Data excerpt:
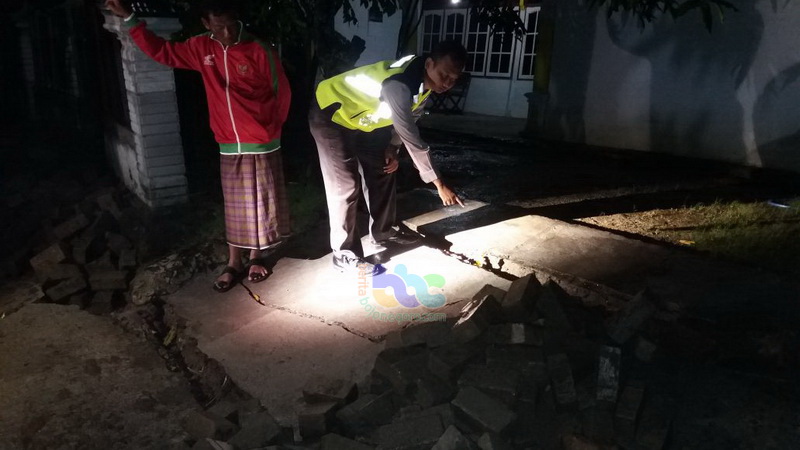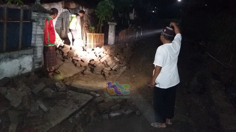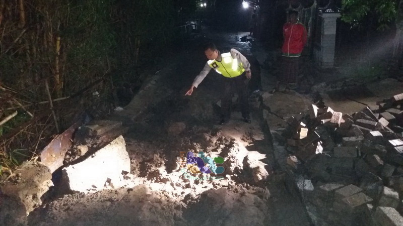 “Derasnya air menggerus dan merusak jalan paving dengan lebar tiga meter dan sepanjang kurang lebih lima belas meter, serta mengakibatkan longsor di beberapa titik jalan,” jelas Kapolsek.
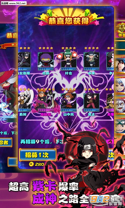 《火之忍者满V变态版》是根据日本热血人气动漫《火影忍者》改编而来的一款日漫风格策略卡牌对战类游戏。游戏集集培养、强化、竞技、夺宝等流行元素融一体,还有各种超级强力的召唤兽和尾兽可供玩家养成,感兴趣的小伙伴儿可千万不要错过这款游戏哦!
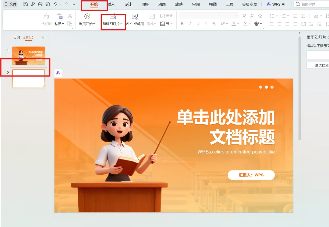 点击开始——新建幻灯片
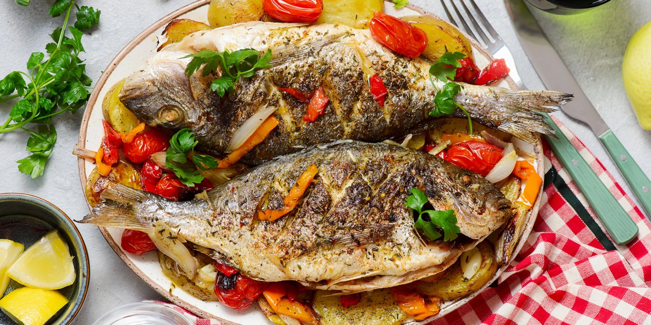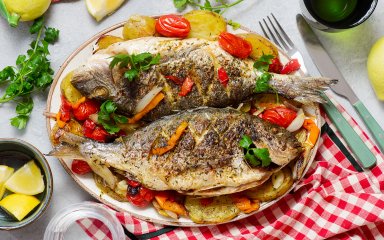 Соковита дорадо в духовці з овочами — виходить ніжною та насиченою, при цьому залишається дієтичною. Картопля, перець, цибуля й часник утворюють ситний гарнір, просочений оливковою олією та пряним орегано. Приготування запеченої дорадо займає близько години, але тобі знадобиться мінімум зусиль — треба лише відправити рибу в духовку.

What you should do: Output the material above exactly as written and drop any images it holds.

Expected output:
 “Derasnya air menggerus dan merusak jalan paving dengan lebar tiga meter dan sepanjang kurang lebih lima belas meter, serta mengakibatkan longsor di beberapa titik jalan,” jelas Kapolsek.
 《火之忍者满V变态版》是根据日本热血人气动漫《火影忍者》改编而来的一款日漫风格策略卡牌对战类游戏。游戏集集培养、强化、竞技、夺宝等流行元素融一体,还有各种超级强力的召唤兽和尾兽可供玩家养成,感兴趣的小伙伴儿可千万不要错过这款游戏哦!
 点击开始——新建幻灯片
 Соковита дорадо в духовці з овочами — виходить ніжною та насиченою, при цьому залишається дієтичною. Картопля, перець, цибуля й часник утворюють ситний гарнір, просочений оливковою олією та пряним орегано. Приготування запеченої дорадо займає близько години, але тобі знадобиться мінімум зусиль — треба лише відправити рибу в духовку.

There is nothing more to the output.